From 27c342575439110e29405e44b4b385e04c03dbc2 Mon Sep 17 00:00:00 2001
From: Benjamin Pritchard <ben@bennyp.org>
Date: Thu, 18 Jan 2024 15:39:57 -0500
Subject: [PATCH] Get child records via cache

---
 qcportal/qcportal/cache.py                    | 20 +++----
 qcportal/qcportal/dataset_models.py           |  1 -
 .../gridoptimization/record_models.py         | 19 +++---
 qcportal/qcportal/manybody/record_models.py   | 31 ++++++----
 qcportal/qcportal/neb/record_models.py        | 30 ++++++----
 .../qcportal/optimization/record_models.py    | 20 +++----
 qcportal/qcportal/reaction/record_models.py   | 32 +++++-----
 qcportal/qcportal/record_models.py            | 59 +++++++++++++++++++
 .../qcportal/torsiondrive/record_models.py    | 23 ++++----
 9 files changed, 152 insertions(+), 83 deletions(-)

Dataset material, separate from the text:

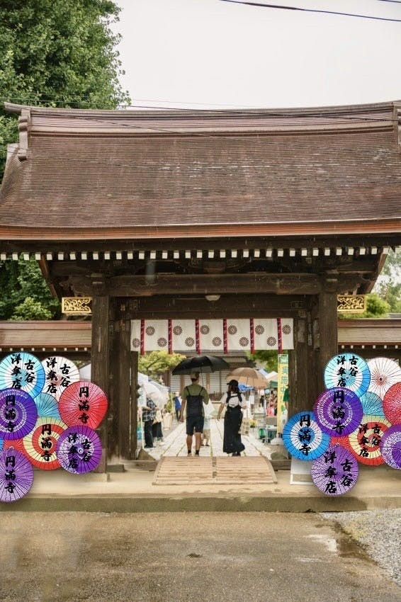 そんな歴史ある山門の前に番傘や蛇の目傘をあしらい、そこに3つのスポンサーの皆様のお名前や企業名を書道の得意なメンバーが大きく描かせて頂きます、また、さらに夜にはライトアップもさせて頂く予定です!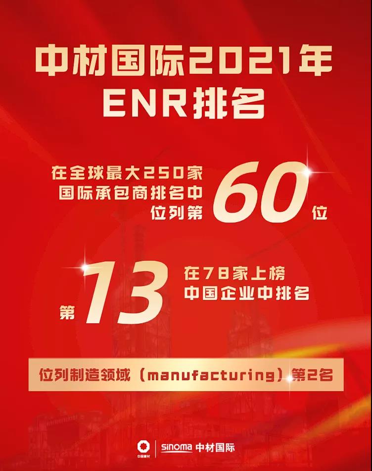 在全球最大250家國際承包商排名中,中材國際位列第60位,在78家上榜中國企業中位列第13位,在制造領域(manufacturing)十大國際承包商中排名第二。

diff --git a/qcportal/qcportal/cache.py b/qcportal/qcportal/cache.py
index 0a0ec9bab..2bbccb3fc 100644
--- a/qcportal/qcportal/cache.py
+++ b/qcportal/qcportal/cache.py
@@ -101,9 +101,8 @@ def get_record(self, record_id: int, record_type: Type[_RECORD_T]) -> Optional[_
 
         record = decompress_from_cache(record_data[1], record_type)
 
-        if not self.read_only:
-            record._record_cache = self
-            record._record_cache_uid = record_data[0]
+        record._record_cache = self
+        record._record_cache_uid = record_data[0]
 
         return record
 
@@ -119,9 +118,8 @@ def get_records(self, record_ids: Iterable[int], record_type: Type[_RECORD_T]) -
             for uid, compressed_record in rdata:
                 record = decompress_from_cache(compressed_record, record_type)
 
-                if not self.read_only:
-                    record._record_cache = self
-                    record._record_cache_uid = uid
+                record._record_cache = self
+                record._record_cache_uid = uid
 
                 all_records.append(record)
 
@@ -370,9 +368,8 @@ def get_dataset_record(self, entry_name: str, specification_name: str):
 
         record = decompress_from_cache(record_data[1], self._record_type)
 
-        if not self.read_only:
-            record._record_cache = self
-            record._record_cache_uid = record_data[0]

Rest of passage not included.